Toutefois au cours des échanges avec le président Roucou, le Président de l’ODG a reconnu à ce titre avoir échanger avec l’INAO par le biais d’e-mailS, « c’était des avis (consultatifs) dans le cadre de l’ODG qui sont donnés  par rapport à un cahier des charges. On me demande un avis alors je donne un avis, si on m’avait dit mR de Bouard vous êtes à l’INAO vous ne pouvez pas donner d’avis , je ne l’aurait pas fait…. Je n’établis pas les critères. J’ai participé et voté dans le cadre de l’ODG et ai voulu mettre plus de dégustation. »

Le fait d’avoir été à l’ODG et participé aux délibérations où siège de nombreux vignerons de Saint-Emilion: « on ne m’a jamais interdit de le faire… »

Philippe Casteja, propriétaire du château Trotte Vieille 1er cru classé B affirme lui aussi s’être mis en retrait lors des décisions de l’INAO concernant Saint-Emilion, démontrant qu’il avait pris un taxi puis un avion avec Hubert de Bouard quand le dossier était exposé… Le matin même son avocat avait avancé aussi pour sa défense une question prioritaire de constitutionnalité… « Le conflit d’intérêts est une situation inopportune, ce n’est pas pour autant qu’elle est une situation de culpabilité, on verra si un jour ou l’autre le législateur ou le conseil constitutionnel s’en préoccupe… », selon Jean-Yves Le Borgne avocat de Philippe Casteja.

Cet après-midi, les propriétaires des châteaux déclassés ont pu exprimer leur désarroi face à ce nouveau classement de 2012, dont les règles définitives sont tombés après leur candidature…

« Les classements depuis 1955, le seul critère c’était celui de la dégustation, et c’est ce qu’attend le client et pas autre chose… A partir de 2012, on a descendu la dégusattion à seulement la moitié de la note », selon Pierre Carle du château Croque-Michotte.

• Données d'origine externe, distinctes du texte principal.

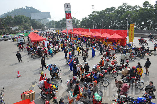 今年春運經(jīng)梧州交警支隊積極協(xié)調(diào),梧州市人民政府將東出口春運服務(wù)站作為民心工程,由市政府牽頭、各部門密切配合、社會各界力量積極參與、志愿者駐站服務(wù),為返鄉(xiāng)鐵騎大軍提供姜茶,漢堡包、八寶粥、方便面等免費食物和免費醫(yī)療服務(wù),同時還有手機充電、Wi-fi無線上網(wǎng)、親情電話等供返鄉(xiāng)鐵騎休憩使用。梧州市參照東出口春運服務(wù)站模式,在務(wù)工人員返鄉(xiāng)路途中的蒼梧、藤縣國道卡口設(shè)立春運服務(wù)站,在三個服務(wù)站之間的中石化、中石油加油站廣場設(shè)立春運服務(wù)點,在每個服務(wù)點之間設(shè)立流動服務(wù)車,通過流動服務(wù)車,將服務(wù)點、服務(wù)站串連起來,點、線、面結(jié)合,最大限度的覆蓋返鄉(xiāng)摩托大軍的返鄉(xiāng)路線,確保“鐵騎行千里、愛心不掉隊”。據(jù)統(tǒng)計,春運期間,梧州各個春運服務(wù)站服務(wù)返鄉(xiāng)、返程摩托大軍約有50萬輛次。在1月25日至2月9日,進入梧州春運服務(wù)站休息的返鄉(xiāng)鐵騎日均超過3000多輛次。梧州春運服務(wù)站溫馨貼心的服務(wù)溫暖著鐵騎的漫漫返鄉(xiāng)路,這凸顯了政府對道路交通安全管理工作的重視,體現(xiàn)了政府對返鄉(xiāng)務(wù)工人員的人文關(guān)懷,展現(xiàn)梧州市互助、友愛、包容、奉獻的人文精神。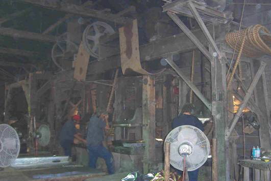 Two dies were made of each design. The “female” half was set in a cast iron bed and the “male” half was fastened to a cast iron hammer hung above the bed.

« Le préjudice est énorme, d’abord humain, nous sommes toujours dans l’incompréhension, pourquoi nous a-t-on exclu, nous sommes persuadés qu’il y a eu des irrégularités et de la malveillance… » commente Isabelle Boidron-Degrange du château Corbin-Michotte.

Ces châteaux qui avaient toujours été classés depuis 1955 vivent depuis 9 ans un calvaire, avec des conséquences financières sur les vins et le prix des propriétés, « l’assiette foncière a été divisée par 2 ou par 3 » selon Isabelle Boidron-Degrange.

Demain place aux différentes plaidoiries des avocats parties civiles, aux réquisitions du procureur de le République et aux plaidoiries des avocats de la défense. Affaire à suivre.